Task:
Below are records with pictures in them. Output exactly the lines from the one with "- In the above" through the one with "ご希望のスクエアタイプの取り", both included, and leave every picture out; give only those lines.

Data section:
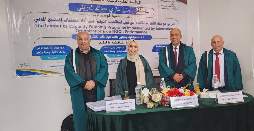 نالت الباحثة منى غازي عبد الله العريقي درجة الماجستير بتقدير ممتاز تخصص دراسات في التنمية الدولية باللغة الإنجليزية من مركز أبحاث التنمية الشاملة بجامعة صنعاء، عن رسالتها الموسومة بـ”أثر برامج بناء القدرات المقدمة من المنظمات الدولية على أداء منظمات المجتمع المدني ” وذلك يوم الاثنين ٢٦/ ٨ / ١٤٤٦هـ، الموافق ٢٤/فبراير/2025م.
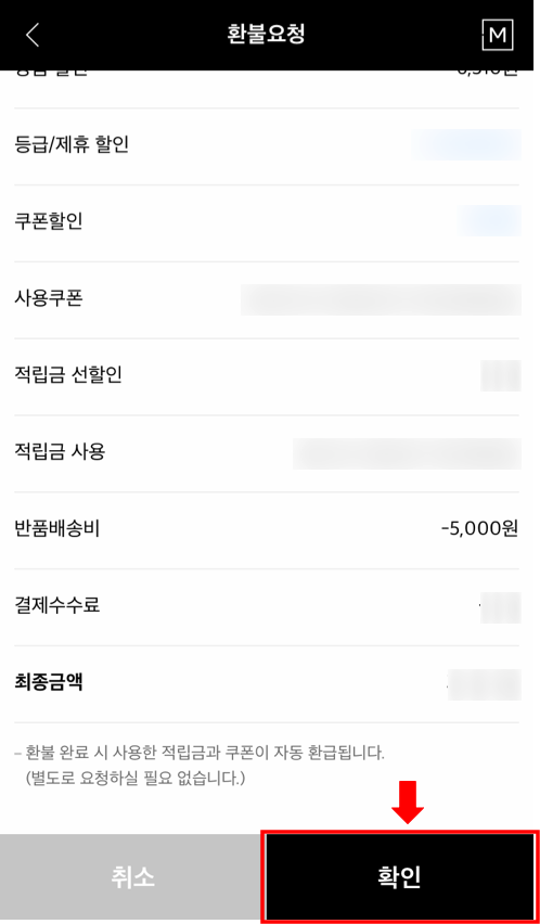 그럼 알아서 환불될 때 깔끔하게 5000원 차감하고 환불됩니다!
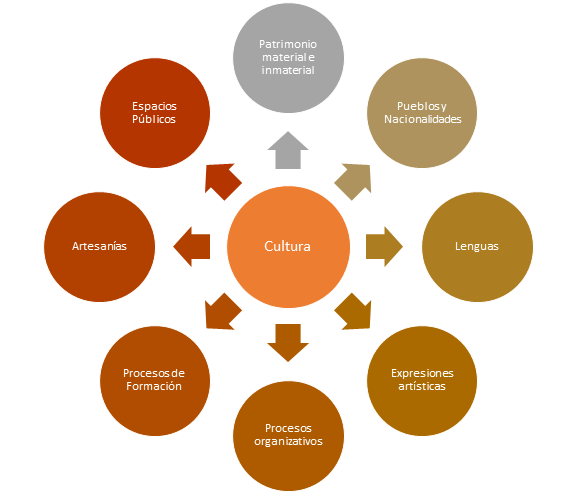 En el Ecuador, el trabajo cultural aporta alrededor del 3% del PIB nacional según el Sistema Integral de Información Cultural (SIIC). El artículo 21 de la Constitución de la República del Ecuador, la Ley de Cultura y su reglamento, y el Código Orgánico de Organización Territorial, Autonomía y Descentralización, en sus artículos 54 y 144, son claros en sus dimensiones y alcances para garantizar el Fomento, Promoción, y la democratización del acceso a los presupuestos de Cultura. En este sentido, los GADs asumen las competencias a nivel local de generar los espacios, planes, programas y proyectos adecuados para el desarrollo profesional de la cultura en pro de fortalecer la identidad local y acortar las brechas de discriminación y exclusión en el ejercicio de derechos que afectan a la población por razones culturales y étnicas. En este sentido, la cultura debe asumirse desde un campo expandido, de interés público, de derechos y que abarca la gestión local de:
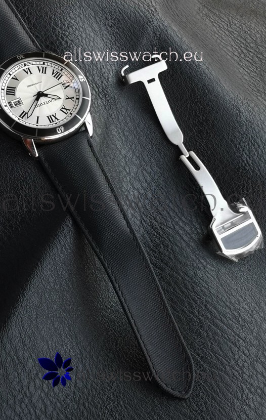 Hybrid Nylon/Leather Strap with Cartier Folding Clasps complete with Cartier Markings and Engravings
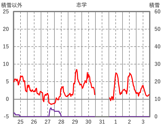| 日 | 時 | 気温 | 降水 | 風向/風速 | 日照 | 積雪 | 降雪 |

--

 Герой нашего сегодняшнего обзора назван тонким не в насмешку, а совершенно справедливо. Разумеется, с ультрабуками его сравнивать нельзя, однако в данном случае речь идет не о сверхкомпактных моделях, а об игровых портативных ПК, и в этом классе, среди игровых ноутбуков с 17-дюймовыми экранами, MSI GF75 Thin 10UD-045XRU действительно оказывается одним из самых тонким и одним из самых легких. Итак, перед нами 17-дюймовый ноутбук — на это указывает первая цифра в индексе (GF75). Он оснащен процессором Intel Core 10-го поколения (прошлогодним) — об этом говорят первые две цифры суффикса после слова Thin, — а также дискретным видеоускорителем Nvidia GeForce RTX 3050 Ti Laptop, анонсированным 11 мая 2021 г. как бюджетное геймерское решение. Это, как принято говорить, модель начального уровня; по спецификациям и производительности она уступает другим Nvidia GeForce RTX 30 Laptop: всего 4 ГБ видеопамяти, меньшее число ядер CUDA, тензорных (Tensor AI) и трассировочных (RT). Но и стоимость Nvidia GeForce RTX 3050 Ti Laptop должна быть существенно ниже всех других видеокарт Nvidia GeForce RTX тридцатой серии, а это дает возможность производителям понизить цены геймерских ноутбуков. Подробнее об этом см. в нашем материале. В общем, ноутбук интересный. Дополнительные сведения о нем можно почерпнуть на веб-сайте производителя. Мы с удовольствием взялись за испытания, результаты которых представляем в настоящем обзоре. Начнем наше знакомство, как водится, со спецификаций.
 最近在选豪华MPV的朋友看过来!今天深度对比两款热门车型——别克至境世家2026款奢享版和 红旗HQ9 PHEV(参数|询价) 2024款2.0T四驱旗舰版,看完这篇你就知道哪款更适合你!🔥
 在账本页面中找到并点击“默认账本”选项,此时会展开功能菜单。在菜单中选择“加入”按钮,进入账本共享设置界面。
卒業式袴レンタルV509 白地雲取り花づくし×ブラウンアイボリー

...

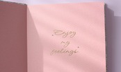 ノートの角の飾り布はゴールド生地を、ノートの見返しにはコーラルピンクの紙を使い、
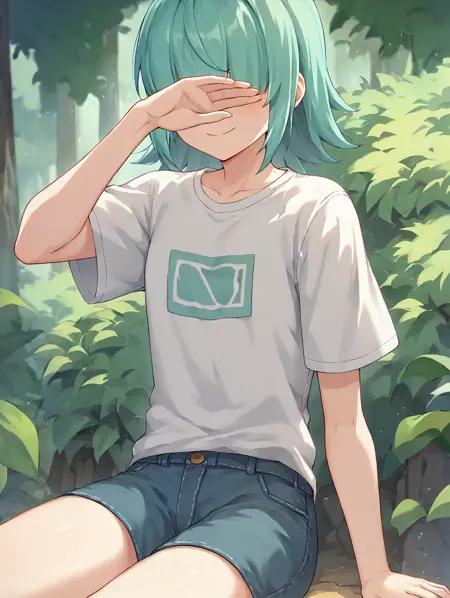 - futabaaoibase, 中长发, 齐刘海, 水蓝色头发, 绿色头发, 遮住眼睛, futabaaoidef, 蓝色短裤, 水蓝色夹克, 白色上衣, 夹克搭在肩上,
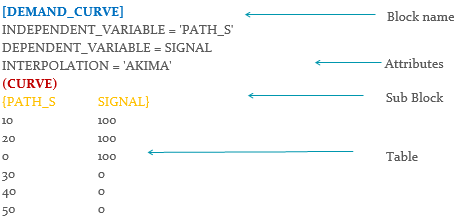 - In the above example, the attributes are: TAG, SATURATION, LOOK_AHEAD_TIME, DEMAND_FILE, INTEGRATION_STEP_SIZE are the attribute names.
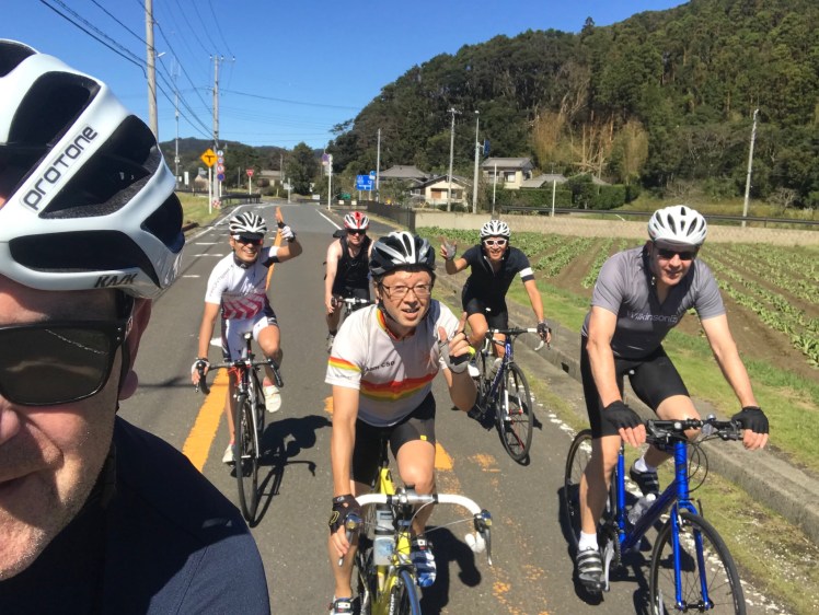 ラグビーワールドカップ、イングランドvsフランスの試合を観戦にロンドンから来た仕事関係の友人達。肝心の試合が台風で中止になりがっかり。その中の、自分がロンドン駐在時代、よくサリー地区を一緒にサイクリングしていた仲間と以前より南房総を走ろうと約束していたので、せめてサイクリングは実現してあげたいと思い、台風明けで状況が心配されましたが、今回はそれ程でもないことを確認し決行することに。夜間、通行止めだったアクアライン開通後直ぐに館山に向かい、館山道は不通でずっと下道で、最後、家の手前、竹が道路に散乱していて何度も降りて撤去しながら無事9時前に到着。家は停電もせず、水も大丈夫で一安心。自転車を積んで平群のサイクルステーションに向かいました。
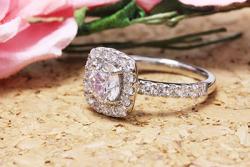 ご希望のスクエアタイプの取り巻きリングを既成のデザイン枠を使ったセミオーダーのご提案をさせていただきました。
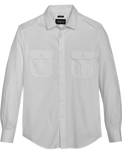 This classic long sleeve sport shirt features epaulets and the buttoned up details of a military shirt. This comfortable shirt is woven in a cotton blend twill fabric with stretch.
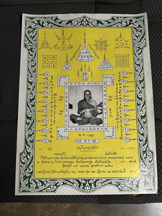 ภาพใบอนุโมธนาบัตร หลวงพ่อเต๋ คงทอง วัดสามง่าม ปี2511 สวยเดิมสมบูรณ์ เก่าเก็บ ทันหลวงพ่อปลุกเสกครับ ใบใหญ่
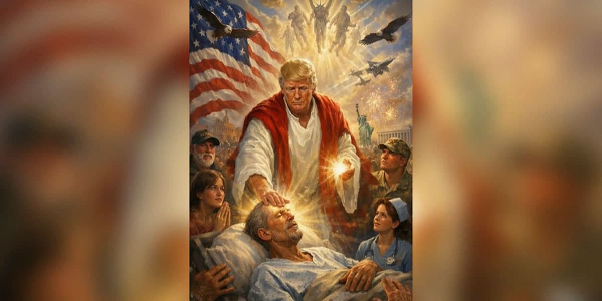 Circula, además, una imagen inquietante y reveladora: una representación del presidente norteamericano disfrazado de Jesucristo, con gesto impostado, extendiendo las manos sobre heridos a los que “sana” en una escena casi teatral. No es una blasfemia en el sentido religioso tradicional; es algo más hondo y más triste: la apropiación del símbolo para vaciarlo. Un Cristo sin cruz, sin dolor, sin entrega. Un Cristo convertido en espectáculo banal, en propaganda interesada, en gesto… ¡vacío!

Result for this task:
 - In the above example, the attributes are: TAG, SATURATION, LOOK_AHEAD_TIME, DEMAND_FILE, INTEGRATION_STEP_SIZE are the attribute names.
 ラグビーワールドカップ、イングランドvsフランスの試合を観戦にロンドンから来た仕事関係の友人達。肝心の試合が台風で中止になりがっかり。その中の、自分がロンドン駐在時代、よくサリー地区を一緒にサイクリングしていた仲間と以前より南房総を走ろうと約束していたので、せめてサイクリングは実現してあげたいと思い、台風明けで状況が心配されましたが、今回はそれ程でもないことを確認し決行することに。夜間、通行止めだったアクアライン開通後直ぐに館山に向かい、館山道は不通でずっと下道で、最後、家の手前、竹が道路に散乱していて何度も降りて撤去しながら無事9時前に到着。家は停電もせず、水も大丈夫で一安心。自転車を積んで平群のサイクルステーションに向かいました。
 ご希望のスクエアタイプの取り巻きリングを既成のデザイン枠を使ったセミオーダーのご提案をさせていただきました。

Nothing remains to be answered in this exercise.